Arctic-alpine disjunction is a noticeable division of a group of animals and plants that occurs in habitats of the tundra or cold steppes, on the one hand in high mountains of the temperate zone (less often subtropical- Mediterranean mountains) and on the other hand in the Arctic . In the two sub-areas, which are separated from one another by a wide gap in the Central European-Eastern European flat and hill country, a large number of the same species occur. This distribution pattern mostly goes back to an area of ​​the cold-loving species that was formerly contiguous in the Ice Age , which has been reduced in size by the warming that has occurred since then and split up into sub-areas. The occurrence of animals and plants in isolated, small habitats , such as individual mountain peaks, should then be understood as glacial relics of the Ice Ages. The area type, which has been thoroughly investigated in both geobotanical and zoogeographical literature, as well as phylogenetically , is to be found primarily in Eurasia , as the great mountain ranges run latitudinally from west to east and flatlands also predominate between the arctic and temperate regions. In North America, the arcto-alpine disjunction does not occur, as the mountain ranges predominantly run longitudinally and boreal coniferous forest grew in the immediate vicinity of the Laurentine Ice Sheet during the maximum freezing phase .

Climate history

Ice age maximum of the last two glacial periods in Europe: Weichsel / Würm complex and Saale / Riß complex. Most of the European lowlands between Europe, Siberia and Alaska - the latter two were connected by the Bering Land Bridge - remained unglaciated. The climate was dry and cold. The vegetation consisted of a mixture of northern and continental floral elements from alpine, arctic-alpine, arctic, sub-arctic, northern montane and southern, northern and widespread continental species

The commonality of the area shape in different groups of living beings can be traced back to a common climate-historical background. Since there is a positive correlation between the extent of the Palearctic , Eurasian and Holarctic subareas for many species groups , there must have been a zonal spread in the past . This is explained by the extent of the periglacial areas in the Pleistocene , which formed a coherent large landscape between the Atlantic and the Pacific during the glacial periods . In the ice ages, which lasted more than a million years, at least six glacial phases with decreasing temperatures had an impact on the growth of the ice masses as well as on processes of landscape dynamics, such as the formation of permafrost and widespread appearance of periglacial areas. This also had strongly regressive effects on the previously existing vegetation.
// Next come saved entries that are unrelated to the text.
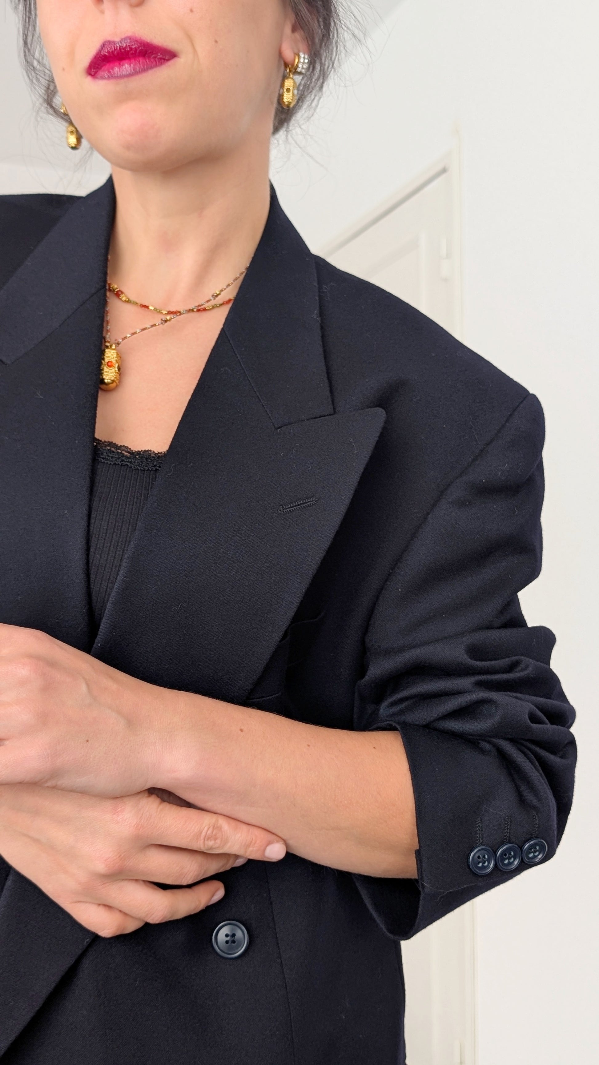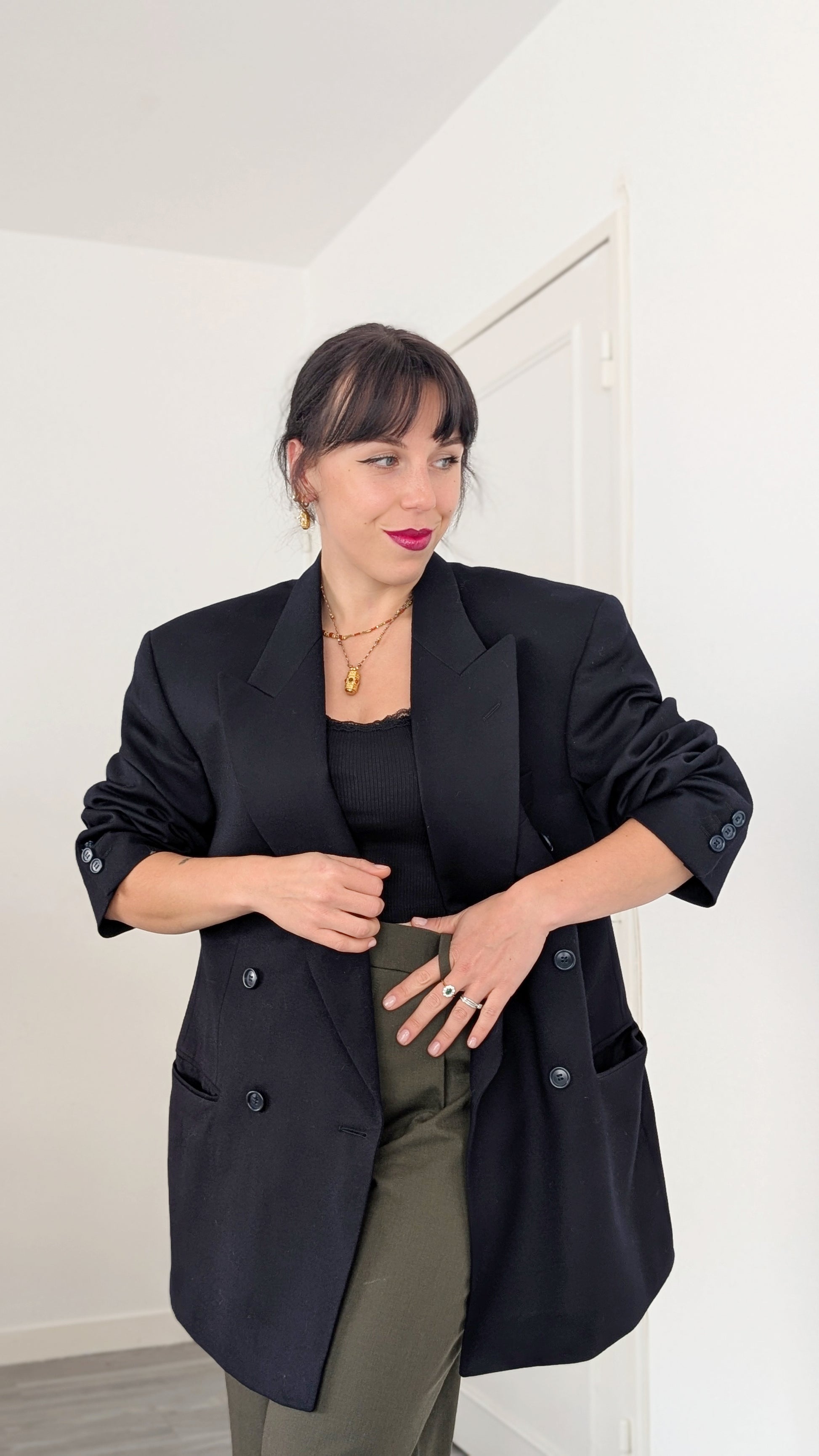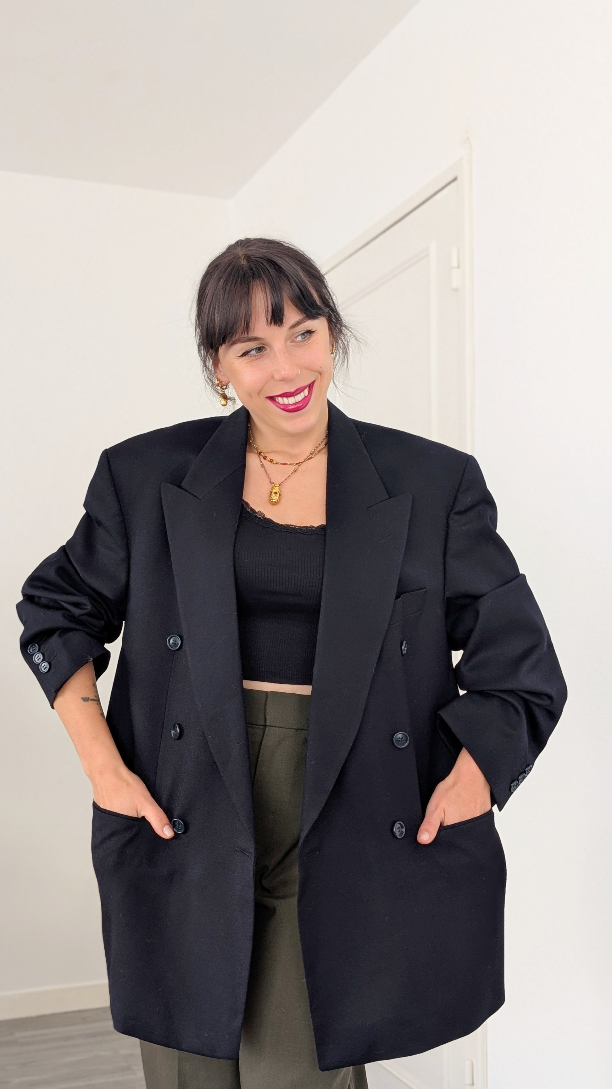 Détails : années 1980, coupe classique, masculine, très belle matière douce, état impeccable, poches latérales, tombe oversize sur les T42-44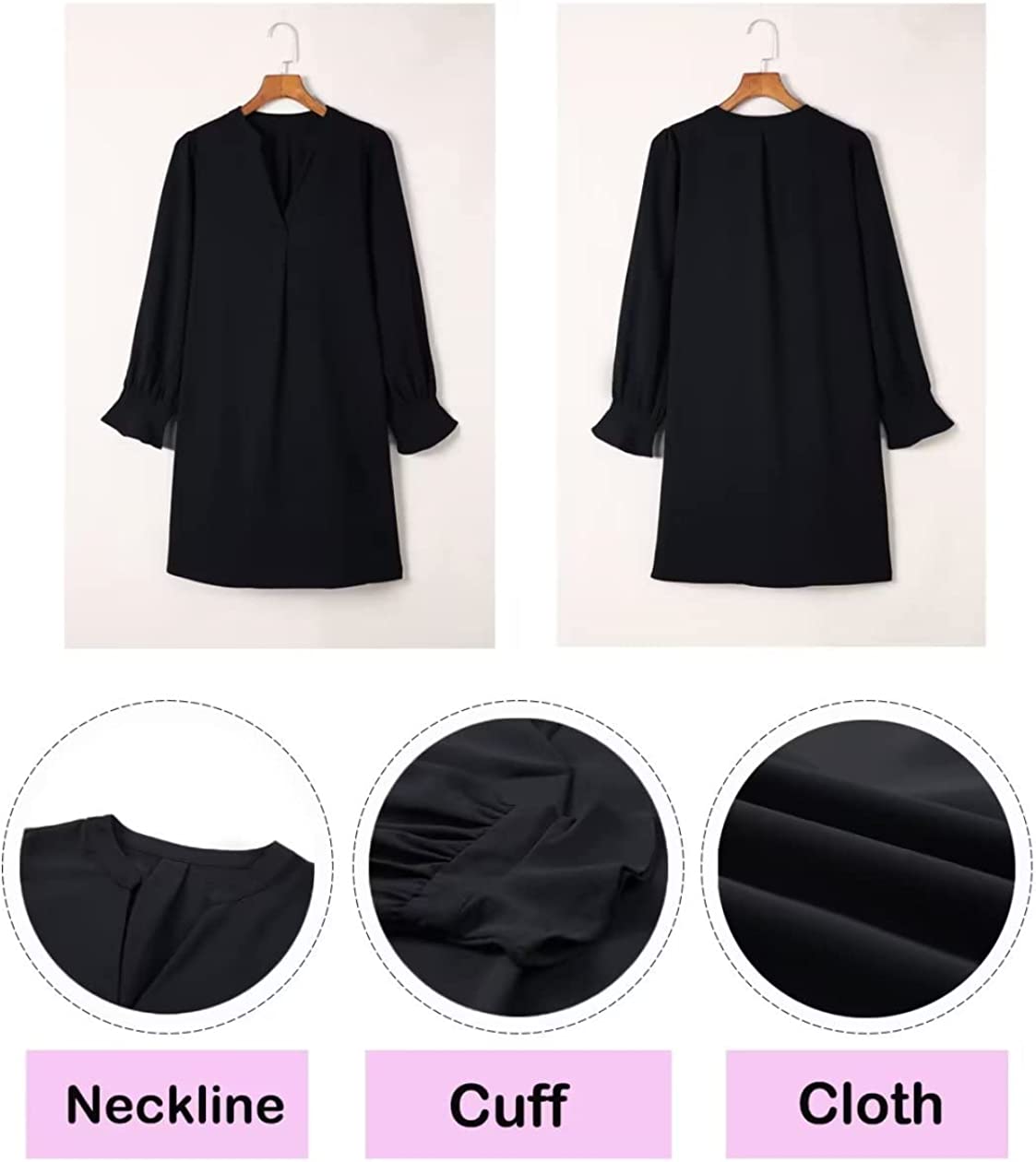 ✿Features: Knee length dress, V-neck, ruffle sleeves, shift dress, solid color, simple and plain,soft and attractive.Can be used as maternity dress。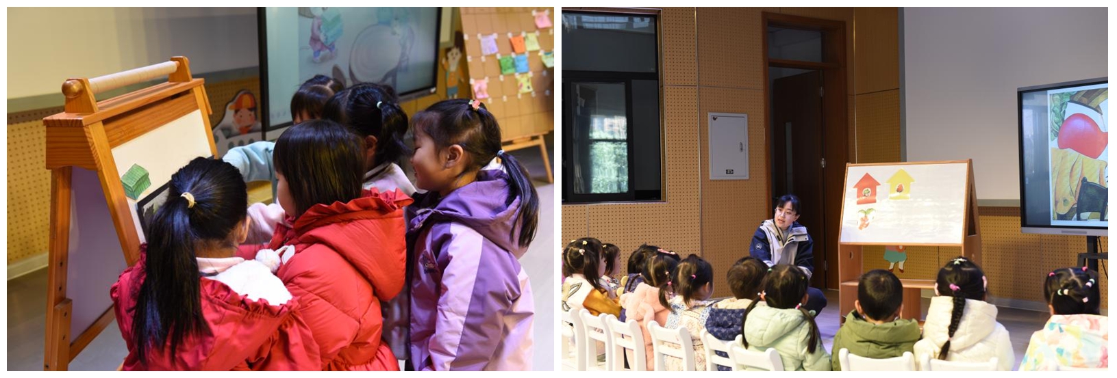 接著,蔡佳雯、楊劉青兩位老師攜手中班與小班的孩子們?yōu)閷W(xué)院師生帶來了公開課展示。蔡佳雯老師通過《冬天來了》繪本故事教學(xué),讓孩子們了解了中國二十四節(jié)氣中的立冬,在弘揚傳統(tǒng)文化的同時激發(fā)幼兒的好奇心和探索欲。楊劉青老師分享了《小兔的蘿卜》這則故事,讓孩子們體會到了朋友之間彼此分享的樂趣和意義,小班的幼兒們樂在其中。兩位老師別出心裁的課程設(shè)置和獨具匠心的教具準備,無不體現(xiàn)著她們對于幼兒教師崗位的熱愛。通過對集體教學(xué)的觀摩,學(xué)生也對未來的就業(yè)有了更明確的規(guī)劃。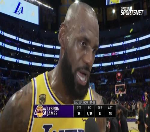 體育播報(bào)4月19日宣 今日,湖人在季后賽首輪G1中107-98主場擊敗火箭,系列賽1-0領(lǐng)先。賽后,湖人球星詹姆斯接受了采訪。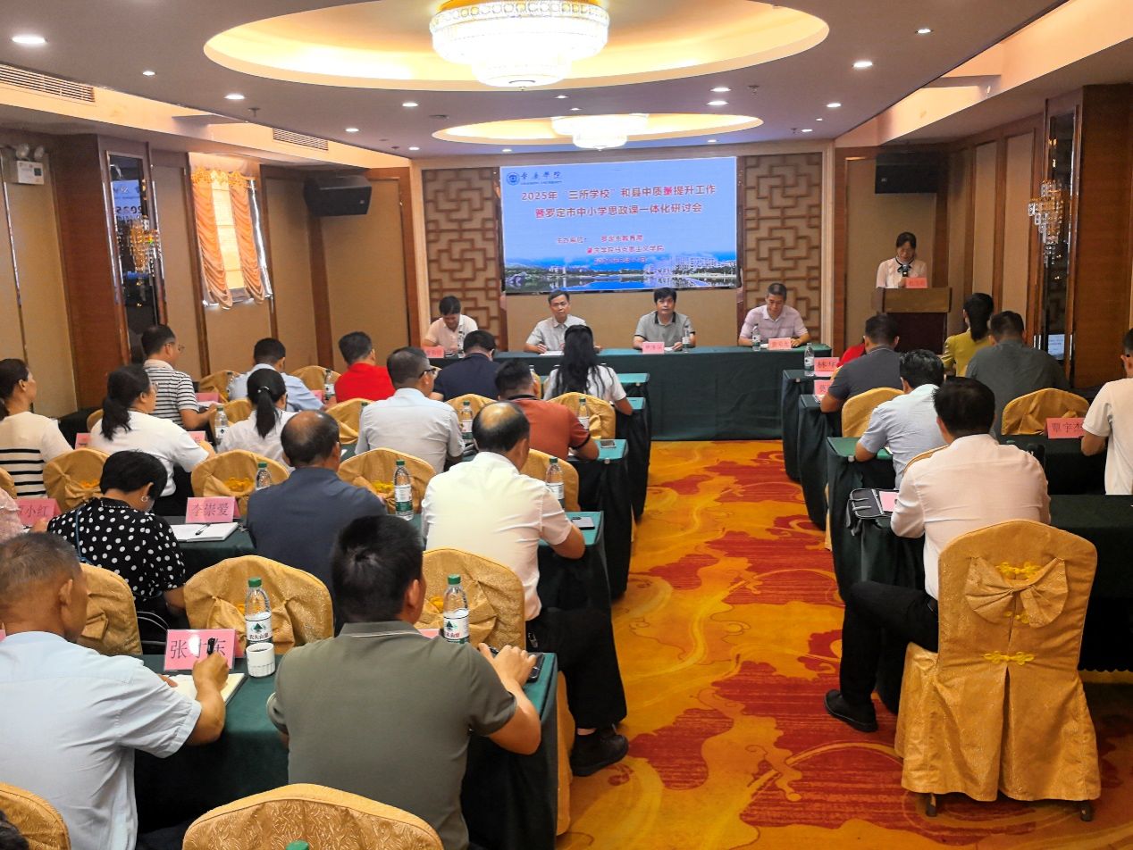 本网讯 6月21日,为做好“三所学校”和县中质量提升专项工作,马克思主义学院与罗定市教育局组织开展以“深挖地方特色文化资源,助力思政教育一体化”为主题的大中小思政教育一体化专题研讨活动。马克思主义学院领导、罗定市教育局领导、特邀专家、罗定市大中小幼各学段相关单位主管德育学校领导共40多人参会,会议由马克思主义学院党委副书记杜志欣主持。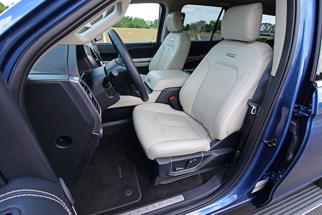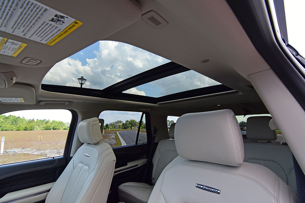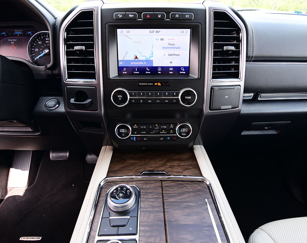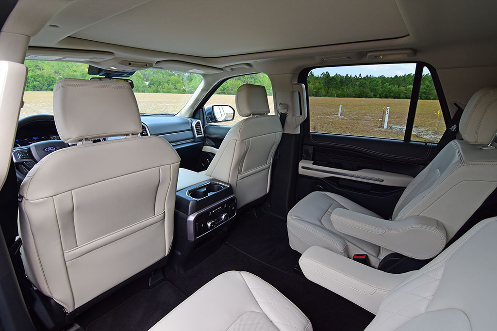 Seating areas are spacious and comfy, suiting the needs for those who want to drive cross country or at least up to 600 miles, which is the average range of the Expedition thanks to a large 25-gallon tank or an even bigger 30-gallon tank in the Expedition Max. Speaking of gallons, the Expedition is surprisingly fuel-efficient for such a large body-on-frame SUV getting 17 mpg city and 22 mpg highway for my 4×4 Platinum test vehicle. Opt for a 4×2 Expedition, and you’ll get a better highway figure at 24 mpg.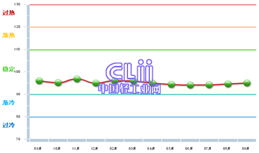 图2 2012年9月~2013年9月中轻家具行业景气指数变化态势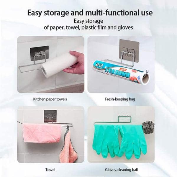 Eliberați spațiu în bucătărie și baie! Suportul pentru prosoape sau role de hârtie poate fi montat pe orice suprafață plană, inclusiv pe pereți, mobilier sau gresie!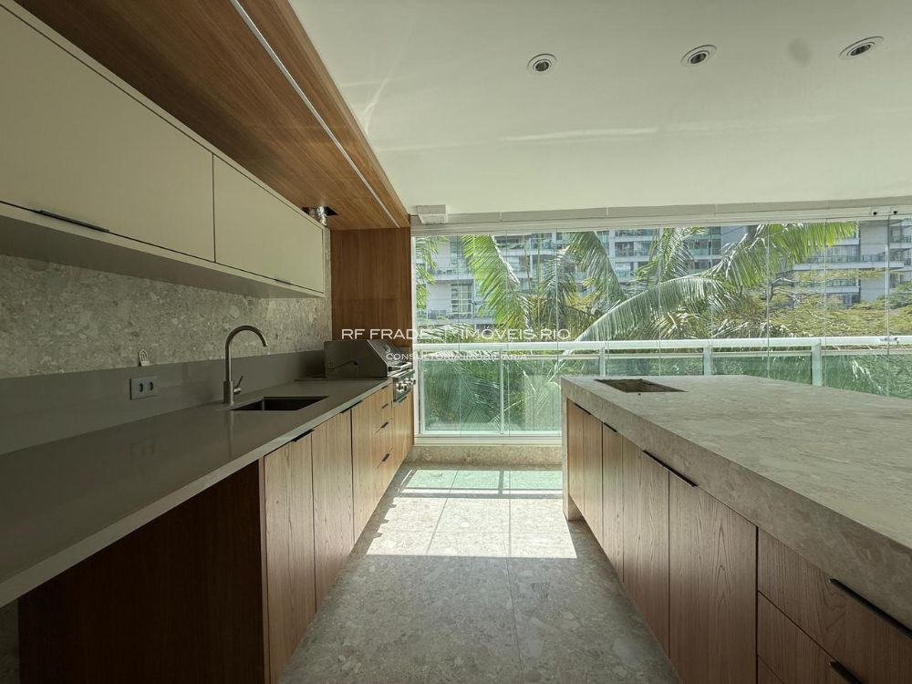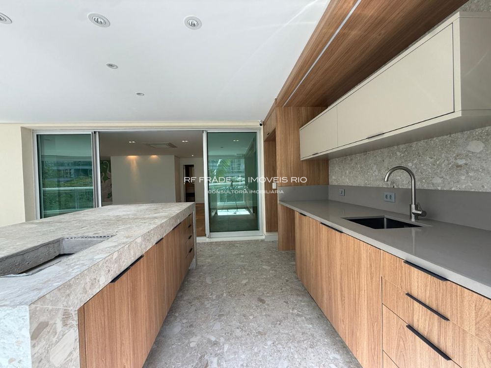 Peninsula. FontVielle. Apartamento original quatro quartos transformados em três suítes sendo a principal com closet. Varandão com área gourmet, ilha, churrasqueira, espaço para geladeira side by side. Salão multiambiente, cozinha repleta de armários de ótima qualidade, área de serviço, dependência completa de funcionários. Todas as três suítes são avarandadas. Totalmente climatizado e modernizado. Segurança 24hs. Melhor condo da Península. Entrega imediata. Fácil visitação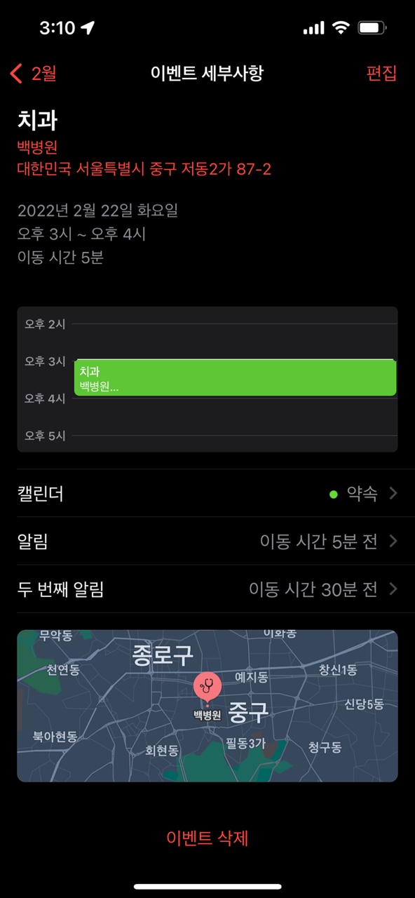 그런데 아이폰 달력 알림을 사용하고 나서 교통 앱을 미리 가동하지 않게 되었습니다.마치 제 비서가 혼자 생긴 느낌이랄까~! ?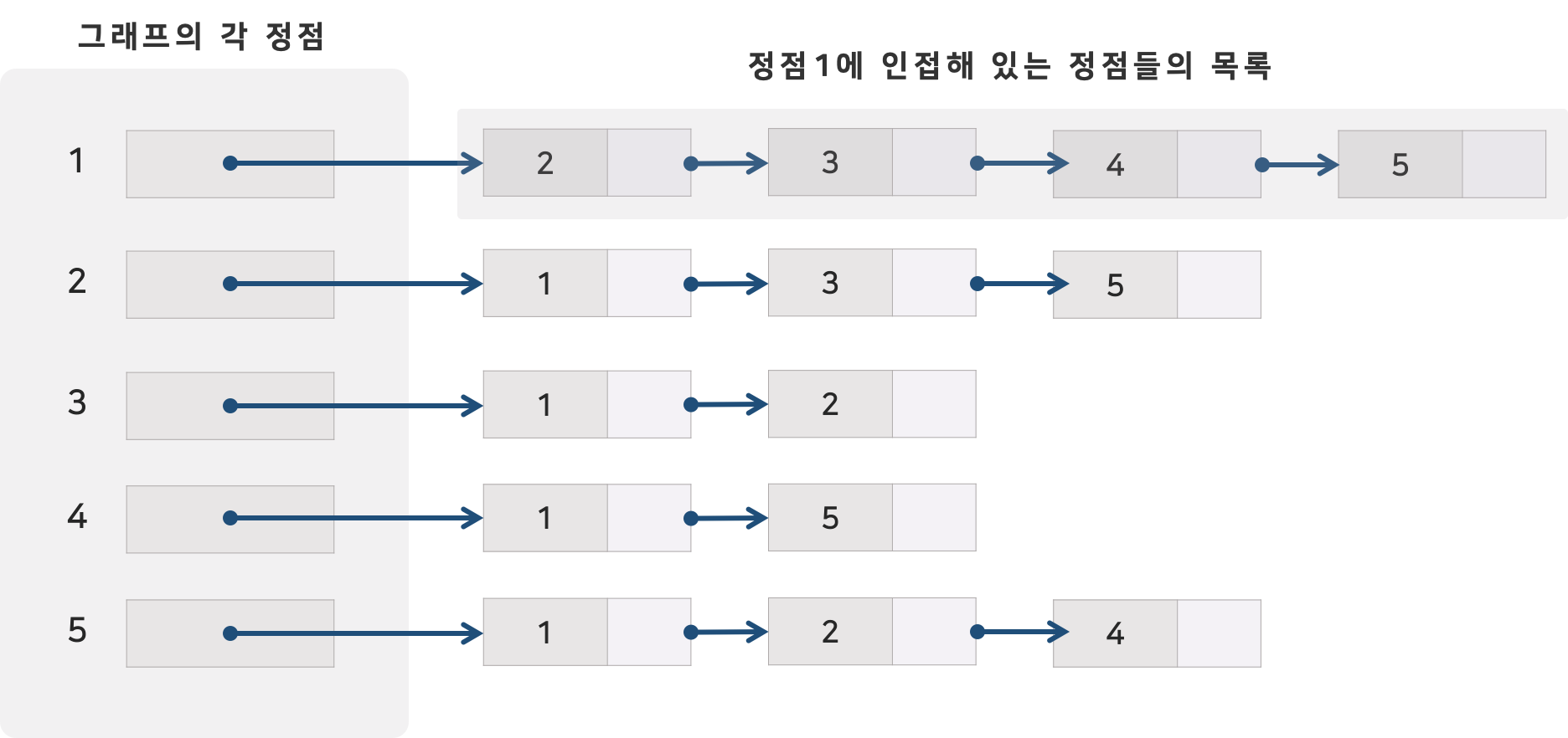 모든 정점을 죽 늘어놓고 각 정점의 인접 정점을 옆에 나열하면 된다.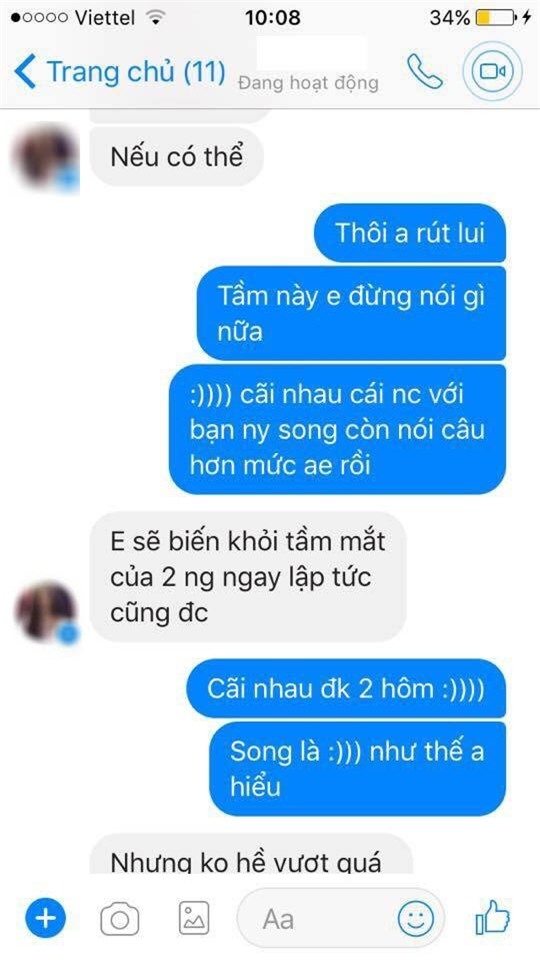 T.A nhắn tin trách móc X vì quay sang yêu bạn thân lúc cãi nhau. |

The evidence of arctic-alpine elements in the temperate and meridional mountain ranges, along with quaternary geological evidence, formed one of the decisive arguments for the thesis that inland ice and ice caps had led to the retreat of the arctic-tertiary vegetation (including Persian ironwood or Zelkova ). After their withdrawal, suitable living conditions were found and settled both in the far north and in higher mountain regions. The mass occurrence of dryas (silver arum) is taken as the leading species of the arctic-alpine flora . With the fossil deposits of dryas between southern and central England, Brittany, the Benelux countries, central and eastern Europe and central Russia, the extent of the former cold-age tundra in Europe can be reconstructed.

Exchange of flora and fauna

Pointed keels have their center of diversity in the Arctic. Relics from southern regions form pairs of species such as the Dinaric pointed keel to the Alpine pointed keel
The caterpillars of the thick-headed butterfly Pyrgus centaureae live on the cloudberry , which in Europe is mainly a glacial relic of the far north

During the ice ages, the arcto-tertiary stock of forms was almost completely eliminated, and the forest and high mountain flora were pushed back into refuge areas. On the other hand, the exchange of flora with other mountains and the northern regions was considerably intensified. Arcto-alpine species are distributed from the Picos de Europa in northern Spain to the Japanese Alps .

An example of a Eurasian-American-Arctic species is the Alpine Apollo , whose European sub-area only includes the central Alps. Not until the Urals did he settle in Siberia, Mongolia, Alaska, Canada and the western USA to New Mexico. However, it is missing in Europe in Scandinavia or Iceland. Not all of the cold-age species were able to form an arctic-alpine area. A large part of the tundra species only colonizes one of the sub-areas and is thereby separated into alpine or arctic clan pairs. Examples of the clan pairs divergent between the Arctic and temperate alpine high mountains are Salix retusa - Salix polaris , or Oxytropis dinarica - Oxytropis campestris .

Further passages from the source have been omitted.